• Problem to solve
Beginning with the line that has "池州市河道采砂管理责任人、采砂船舶集中停靠点及禁采期公告" and ending with the line that has "SKEMA蘇州分校では、フラ", retype the entries below exactly, except for the pictures.

Segment Start: Data listing

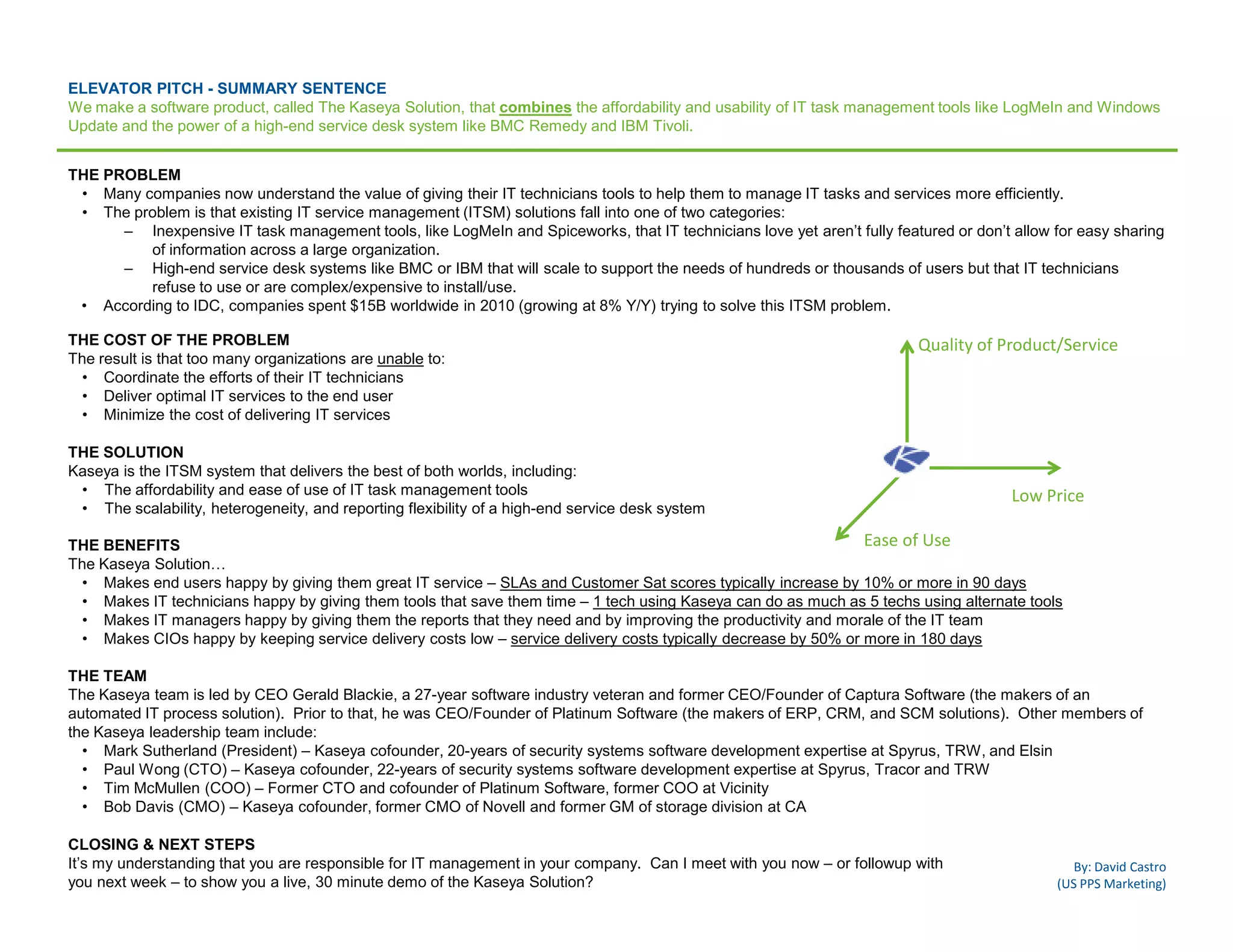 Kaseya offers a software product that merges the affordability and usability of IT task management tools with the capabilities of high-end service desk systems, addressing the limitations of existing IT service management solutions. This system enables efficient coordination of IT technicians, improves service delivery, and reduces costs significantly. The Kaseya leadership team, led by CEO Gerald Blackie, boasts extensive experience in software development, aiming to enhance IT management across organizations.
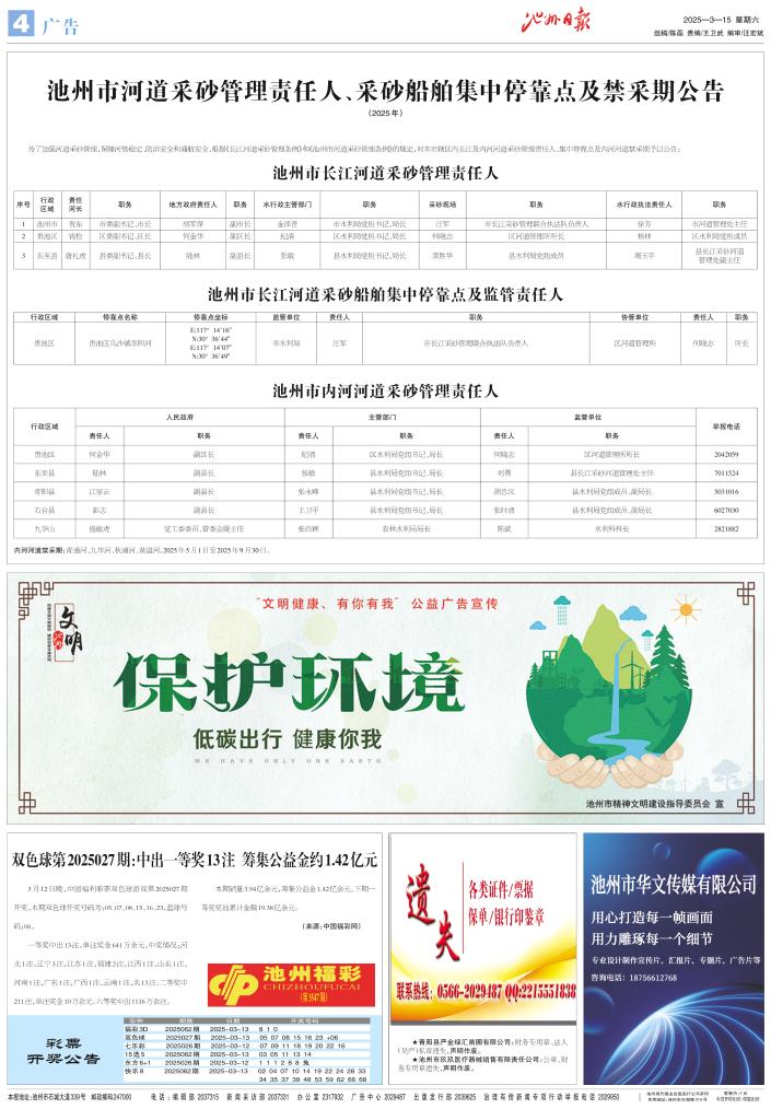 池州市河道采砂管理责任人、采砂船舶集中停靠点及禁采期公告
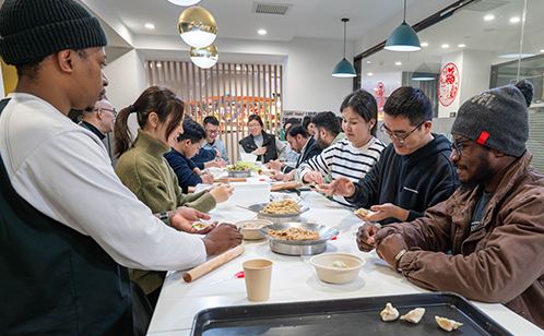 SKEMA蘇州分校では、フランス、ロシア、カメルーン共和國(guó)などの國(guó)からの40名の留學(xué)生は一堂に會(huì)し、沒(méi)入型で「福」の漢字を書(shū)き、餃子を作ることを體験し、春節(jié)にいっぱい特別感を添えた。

Segment End: Data listing
Segment Start: Data listing

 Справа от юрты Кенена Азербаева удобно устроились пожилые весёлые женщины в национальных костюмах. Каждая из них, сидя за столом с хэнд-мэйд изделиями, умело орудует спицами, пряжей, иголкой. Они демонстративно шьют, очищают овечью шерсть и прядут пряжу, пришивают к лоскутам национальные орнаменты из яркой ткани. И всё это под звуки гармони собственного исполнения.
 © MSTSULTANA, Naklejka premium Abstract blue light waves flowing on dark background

Segment End: Data listing

• Response area
 池州市河道采砂管理责任人、采砂船舶集中停靠点及禁采期公告
 SKEMA蘇州分校では、フランス、ロシア、カメルーン共和國(guó)などの國(guó)からの40名の留學(xué)生は一堂に會(huì)し、沒(méi)入型で「福」の漢字を書(shū)き、餃子を作ることを體験し、春節(jié)にいっぱい特別感を添えた。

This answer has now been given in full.